Ringmar ne répondit pas.
– Tu en es à combien de visites, Bertil ? Pour des messages de ce type ?
– Beaucoup trop. C’est le problème quand on est le plus âgé.
Rien de plus vrai. Le commissaire Bertil Ringmar jouait depuis des années le rôle du messager de la mort. Plus récemment, Winter et lui s’étaient partagé le fardeau. Un foutu fardeau. Chaque fois plus difficile qu’on ne le croyait au départ. Car c’était toujours le chaos. Sous différents visages, intérieur ou extérieur, parfois les deux.
Personne n’ouvrit la porte au deuxième étage. Ils sonnèrent à nouveau, patientèrent. Hannu était à leurs côtés. Ringmar sonna encore et cogna deux ou trois fois pour être sûr qu’il n’y avait personne. Puis il fit un signe de tête au gardien qui avait déjà son trousseau de clés en main.

Au bout du petit couloir, un séjour très clair. À travers la fenêtre, Winter distinguait un arbre, puis les toits des caravanes garées sur le parking. En arrivant dans le quartier, il avait été frappé par leur nombre. Comme si les gens d’ici avaient une autre maison qui les attendait dehors, afin de pouvoir partir avec.
Ils étaient toujours sur le palier.
– À quelle heure commencez-vous votre travail ? demanda-t-il au gardien.
– 7 h 30. En général j’arrive un peu plus tôt, mais entre 8 et 9 heures, j’assure une permanence téléphonique les jours de semaine.
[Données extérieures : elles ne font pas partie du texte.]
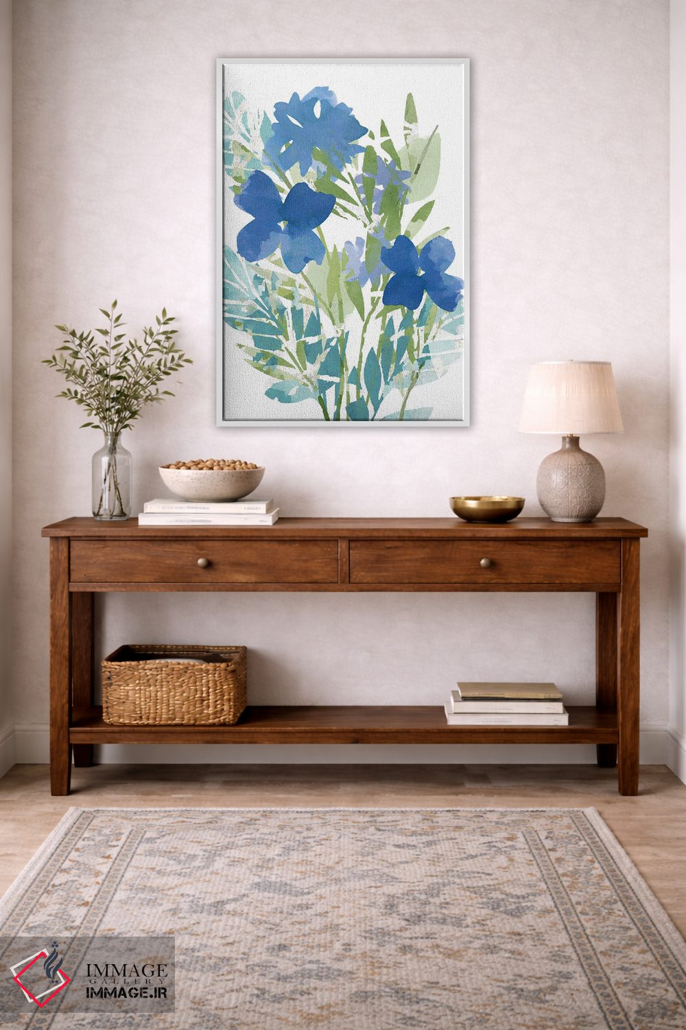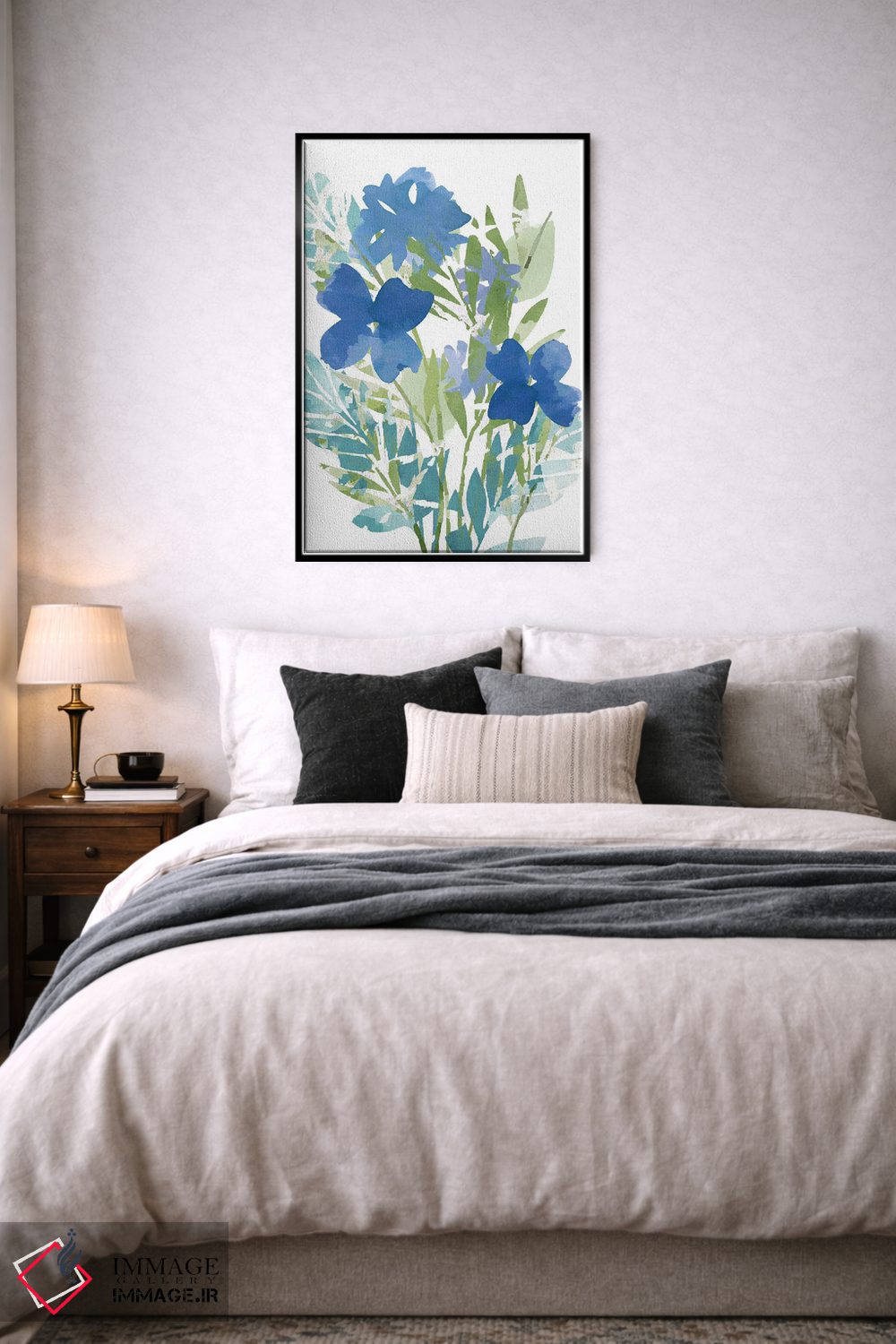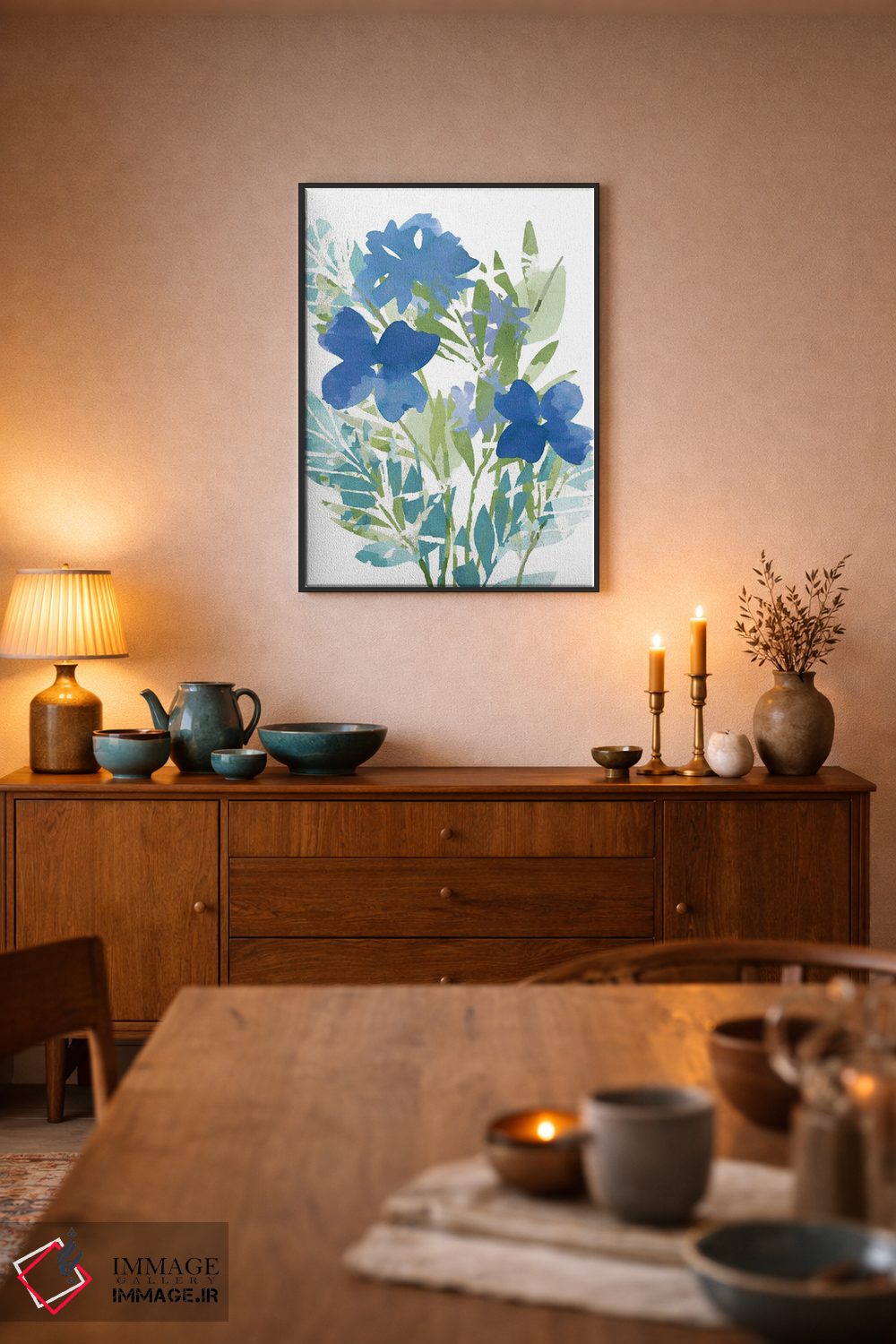 اگر دوست دارید دیوار روشنتر و آرامتر دیده شود، «خشخاشهای آبی ۱» اثرِ «فلورا کوتا» در کنار چوب و پارچههای روشن، عالی مینشیند، برای فضای غذاخوری گزینهٔ مناسبیست. اگر دنبال «زیباییِ بیصدا» هستید، این اثر همان حس را دارد.

– Et votre bureau se trouve dans ce bâtiment ?
– Oui, au dernier étage.
– Vous avez croisé quelqu’un en arrivant ce matin ?
– Non… pas directement.
– Que voulez-vous dire ?
– J’ai vu démarrer une voiture…
– Quand ?
– Il devait être… environ 7 heures. Un peu plus.
– Où était-elle garée ?
– Juste en bas.
Hannu pointa du doigt vers le parking. Relativement désert. Peut-être les gens étaient-ils déjà en route pour le travail.
– Une ou plusieurs voitures ?
– Il y en avait une. Au moment où j’ai ouvert pour aller dans mon bureau.
– Quelle marque ?
– Euh… ça devait être une Opel. Un ancien modèle, je crois. Pas sûr. Ça ressemblait à une Corsa. Blanche. Un peu rouillée. (Il sourit.) C’est à ça qu’on reconnaît une Opel.
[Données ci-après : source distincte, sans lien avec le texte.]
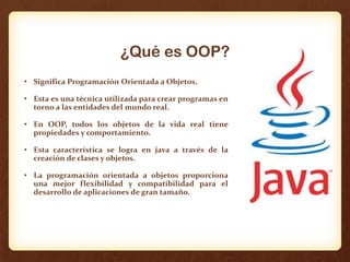 El documento describe conceptos clave de la programación orientada a objetos como clases, objetos, atributos, métodos, herencia, encapsulamiento y polimorfismo. También explica el lenguaje unificado de modelado (UML), que permite visualizar y modelar sistemas mediante diagramas con elementos de modelado estandarizados.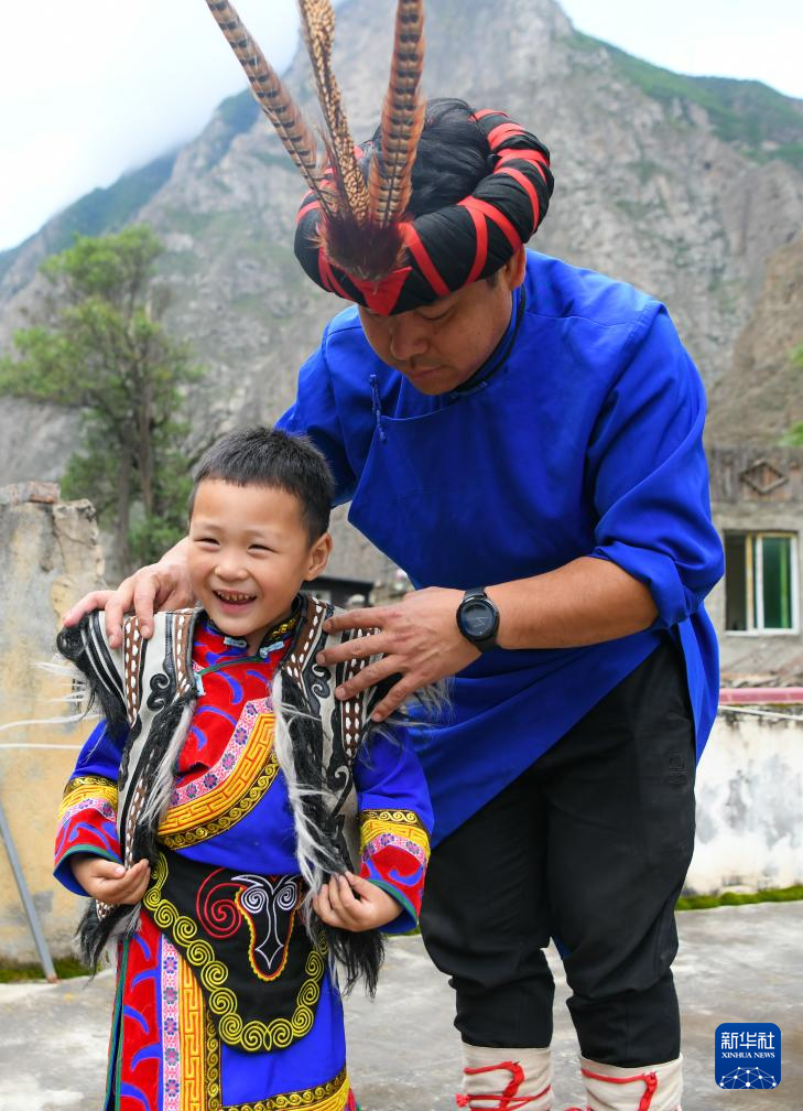 5月29日,在汶川县灞州镇联合村,舅爷赵晓成为小耶格换上羌服和羊皮褂。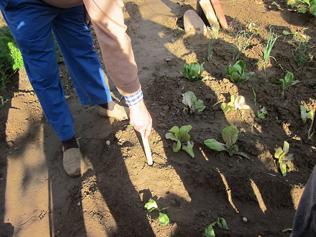 Ens va ensenyar a plantar una planta amb el punxó. Primer va fer un forat i després hi va posar la planta.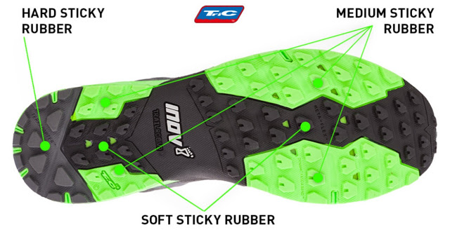 Podešev je opět složena ze tří různě tvrdých nebo přesněji řečeno hustých směsí kontaktní pryže (TRiC), aby nabídla dobrý grip na různém přírodním podkladu. Patní část má nejvyšší tvrdost a nabídne dobrou otěruvzdornost. Obvodové části podešve nabízí středně tvrdou směs pro jistý došlap a účinné vedení odrazu a střední část je vyrobena naopak z měkčí směsi pro efektivní kontakt na tření při běhu na skále nebo v kamenitém prostředí.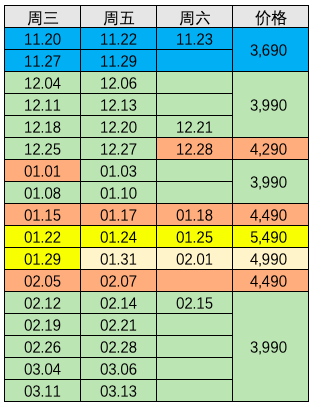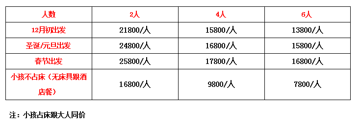 04:00起飞,9:05抵达,接机前往雪场,入住玫瑰庄园丽柏酒店5晚。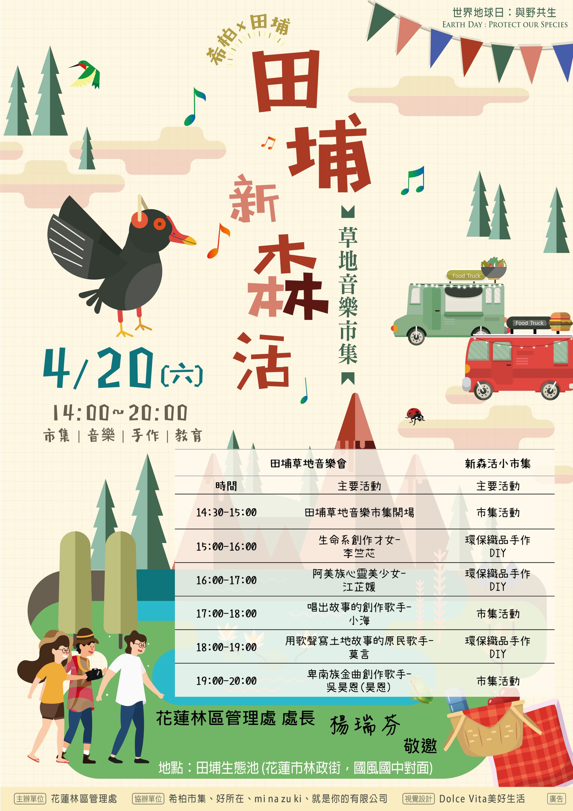 花蓮林區管理處將於4月20日下午2點至晚上8點,於花蓮市田埔生態池舉辦「田埔新森活 保育愛地球」草地音樂市集,很多人都不知道,在花蓮市國風國中的對面,有這麼一個祕境,其中的田埔生態池孕育了當地豐富的生態,而廣闊的草地及蓊鬱的林木,更創造了市區中不可多得、綠意盎然的園區。 田埔生態池原本是昔日木瓜林區管理處的貯木池,專門存放哈崙工作站伐採的珍貴木材,之後由於臺灣林業經營方式的轉變,於91年將貯木池營造為景觀濕地,成為附近居民休閒散步的好去處。本次特別與花蓮文青市集團隊「希柏市集」合作辦理草地音樂市集,在悠閒的假日午後時光,民眾可以藉由生態保育、國產材宣導及林下經濟的攤位了解林務局業務,搭配花蓮在地歌手清新、質樸的現場演唱,從白天到晚上體驗園區多樣的風貌。 本次市集活動搭配4月22日世界地球日主題「與野共生Protect our Species」,希望藉由防治外來入侵種的宣導,呼籲各界關注物種生存危機,一同守護生物多樣性。今年世界地球日以「蜜蜂」作為代表物種,象徵「再小的生物,都具有無可取代的生態地位」,一個都不能少,正好搭配林務局發展林下經濟中的養蜂產業,現場也有蜜蜂及各式蜂產品展示,花蓮林管處希望透過本次不同以往清新、有活力的活動,帶給民眾全新的感受,並讓更多人愛上大自然,學習如何與自然萬物和諧共處進而守護我們的環境。 本次活動為免費,詳細活動訊息公告於「林務局花蓮林區管理處」臉書粉絲專頁以及花蓮林區管理處官方網站(http://hualien.forest.gov.tw/)。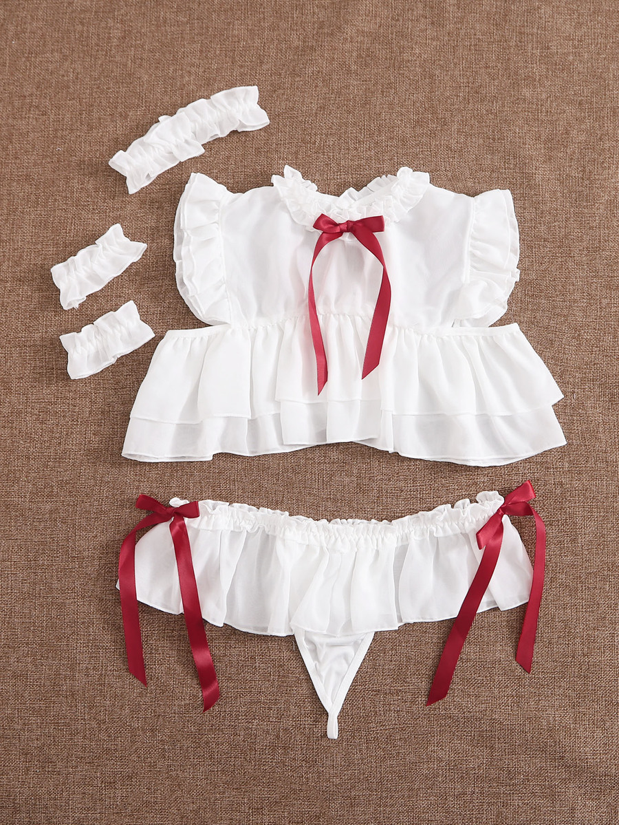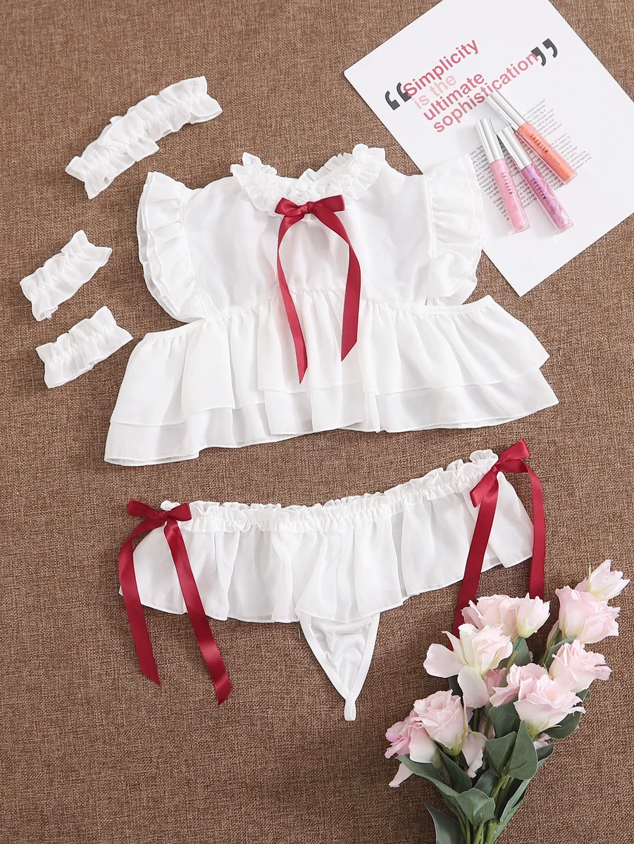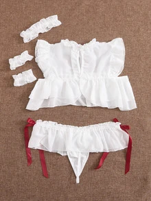 5pack Ruffle Hem Sexy Set & Choker & Cuffs

– Ancien ? demanda Ringmar. Vous pourriez préciser ?
– Je ne sais pas. Un modèle d’il y a dix ans peut-être.
– Rien de plus sur cette voiture ? s’enquit Winter.
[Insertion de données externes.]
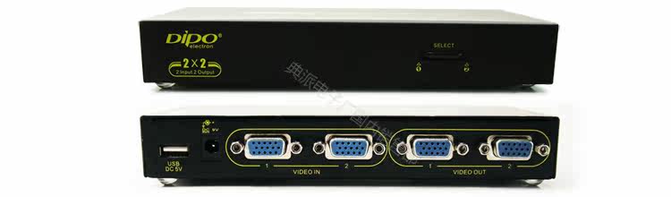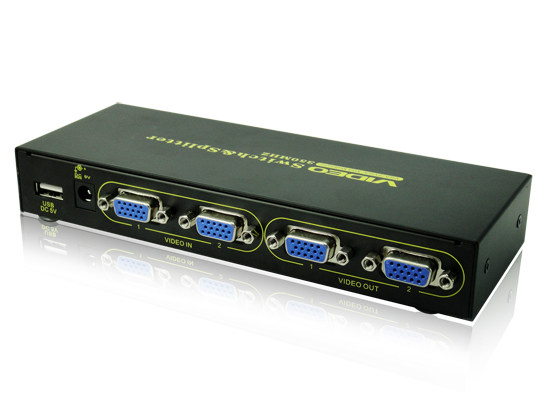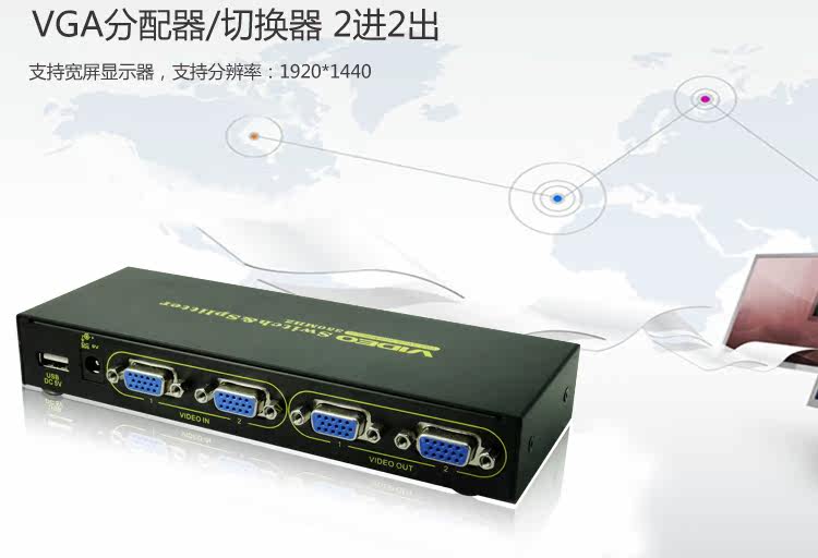 功能描述: 2路VGA信号切换输入,2路VGA信号同步输出相同内容,输入信号使用面板按键切换选择。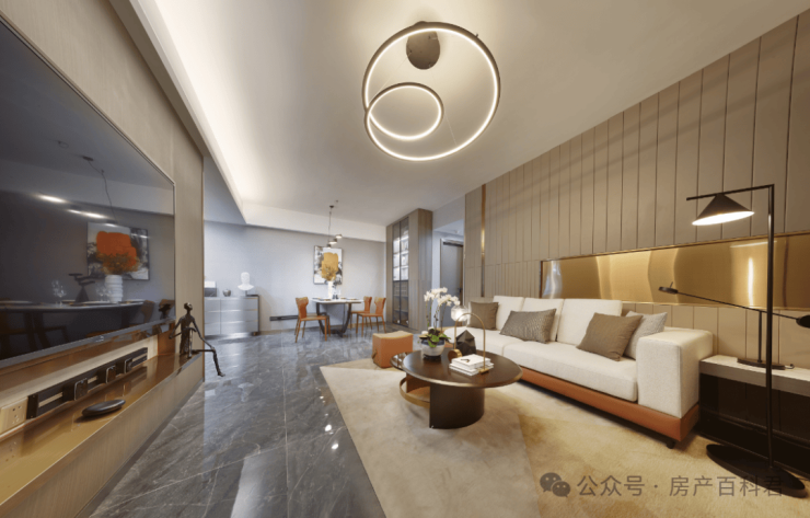 115㎡户型的客厅朝向为西,下午会有一点西晒,而108-114㎡户型的客厅则朝向东边。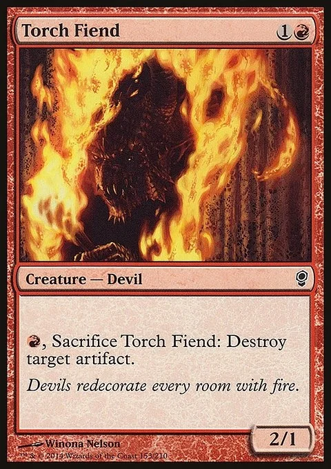 {R}, Sacrifice Torch Fiend: Destroy target artifact.

– L’aile avant droite avait l’air amochée.
– Comment ça ? insista Ringmar.
– Ouais… genre une petite collision. L’aile était un peu enfoncée.
Ringmar hocha la tête.
– Connaissez-vous Saïd et sa femme ? demanda Winter.
– Qu’est-ce… qu’est-ce qui s’est passé au juste ?
– Répondez simplement à ma question.
– Non. Je ne les connais pas.
– Mais vous pourriez les reconnaître ?
– Non. J’suis là que depuis Pâques.
– Shahnaz, ajouta Ringmar. Elle se prénomme Shahnaz.
Winter brandit une copie de la photo qui se trouvait sur le passeport de la victime.
– Et voici Saïd.
Le gardien jeta un œil et secoua la tête.
– Même si je l’avais rencontré, je serais sûrement pas capable de le reconnaître.